Even Billy Pilgrim spends a lot of time in his later years trying to convince others that the aliens exist and the passage of time is an illusion – but why would it matter what people thought if the future was already fixed? Twice in the book Vonnegut quotes the serenity prayer: “God grant me the serenity to accept the things I cannot change, courage to change the things I can, and wisdom always to tell the difference.” (pp. 60 and 209). But Vonnegut’s philosophy would claim that change is never possible, so courage is never called for, only serenity.

Vonnegut’s writing style is like Hemingway’s: short declarative sentences. Vonnegut spent some time as a journalist before he turned to fiction, and it shows. But Hemingway’s terseness is a cover for strong emotions below the surface. Vonnegut’s prose doesn’t conceal anything; it’s all surface. If anything, manly Hemingway is the more poetic.

The book is divided into 10 chapters, but the divisions seem fairly arbitrary, and the chapters themselves are further divided into many short segments that range widely over time and space as Billy Pilgrim involuntarily time-travels to different parts of his life.

Many of Vonnegut’s stable of stock characters appear in this novel: Eliot Rosewater (who was the lead character of Vonnegut’s previous novel, God Bless You, Mr. Rosewater), Howard W. Campbell, Jr. (who was the lead character of Vonnegut’s third novel, Mother Night); and Kilgore Trout, a science-fiction writer. Even the Tralfamadorians appeared before in Vonnegut’s second novel, Sirens of Titan.

The swirling around and re-use of characters and ideas from book to book resembles the structure of Slaughter-House Five itself, and, I suppose, represents Vonnegut’s unified view of existence At first it feels comforting, a self-contained world, manageable, knowable, nothing to strive for or fret about, no need to fear death. Eventually, though, a fixed future begins to feel oppressive. As I grew out of my teens and began to read more Vonnegut I began to want to break free of his hermetic philosophy. It turns out I did want a cause. I wanted something to work on and something I could meaningfully contribute to. I wasn’t so concerned about death, but I did want something I could live for.

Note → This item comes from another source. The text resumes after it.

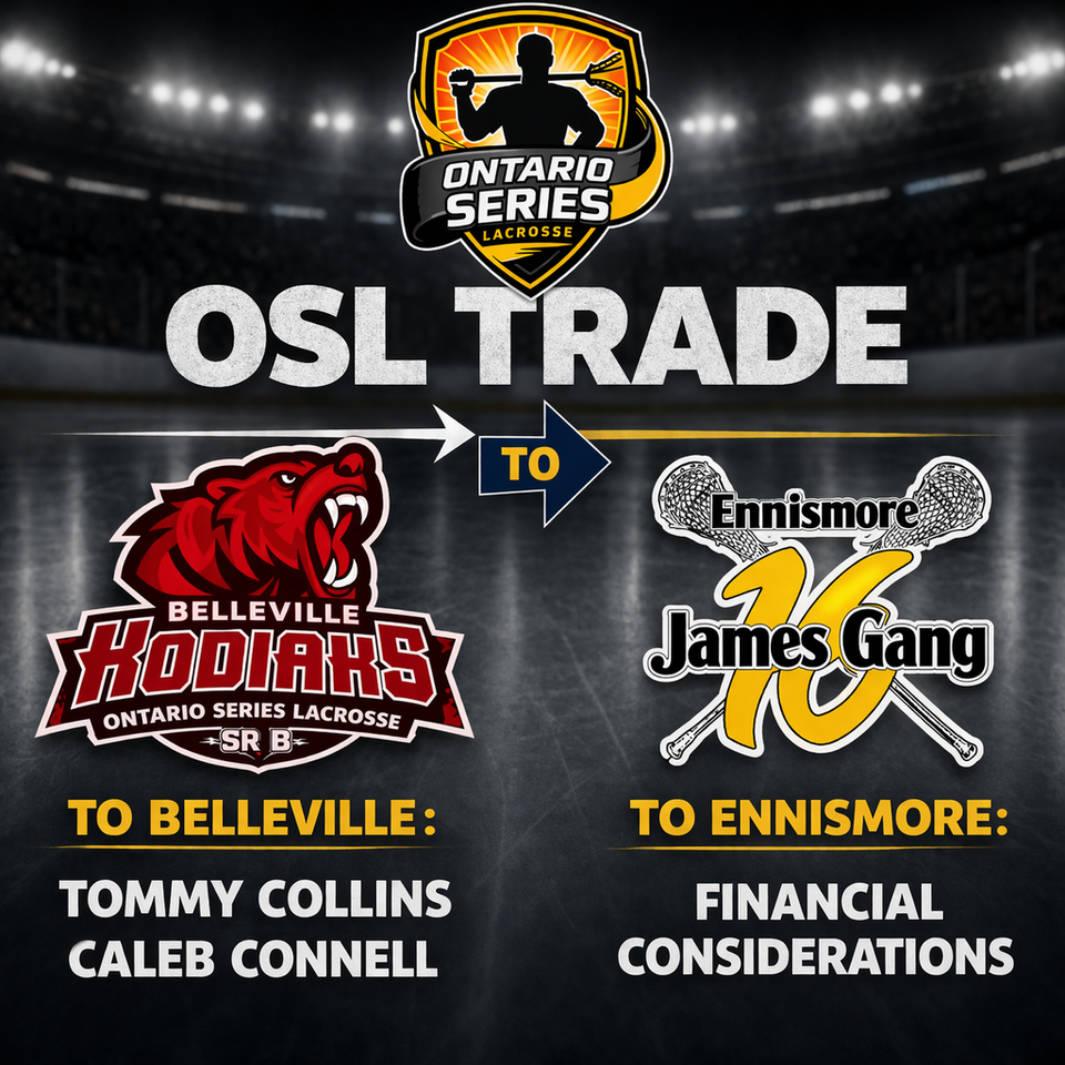 The Ontario Series Lacrosse League has announced a trade between the Belleville Kodiaks and the Ennismore James Gang.

After the war Eliot Rosewater and Billy Pilgrim are recuperating in a military hospital and discovering the science fiction novels of Kilgore Trout. Vonnegut writes:

“Rosewater said an interesting thing to Billy one time about a book that wasn’t science fiction. He said that everything there was to know about life was in The Brother’s Karamazov by Feodor Dostoevsky. “But that isn’t enough any more,” said Rosewater.” (p. 101)

I’m glad to have more books to read than just The Brother’s Karamazov. Of course Dostoevsky knew nothing of World War II. And Slaughter-House Five is a worthy addition to any bookshelf. But it’s an addition that is also a subtraction, saying no to the complexity and the purpose and meaning of life shown by Dostoevsky and Hemingway. Post World War II, and even post-Vietnam, I disagree with Vonnegut’s, “no.” Life requires both serenity and courage, and wisdom always to tell the difference.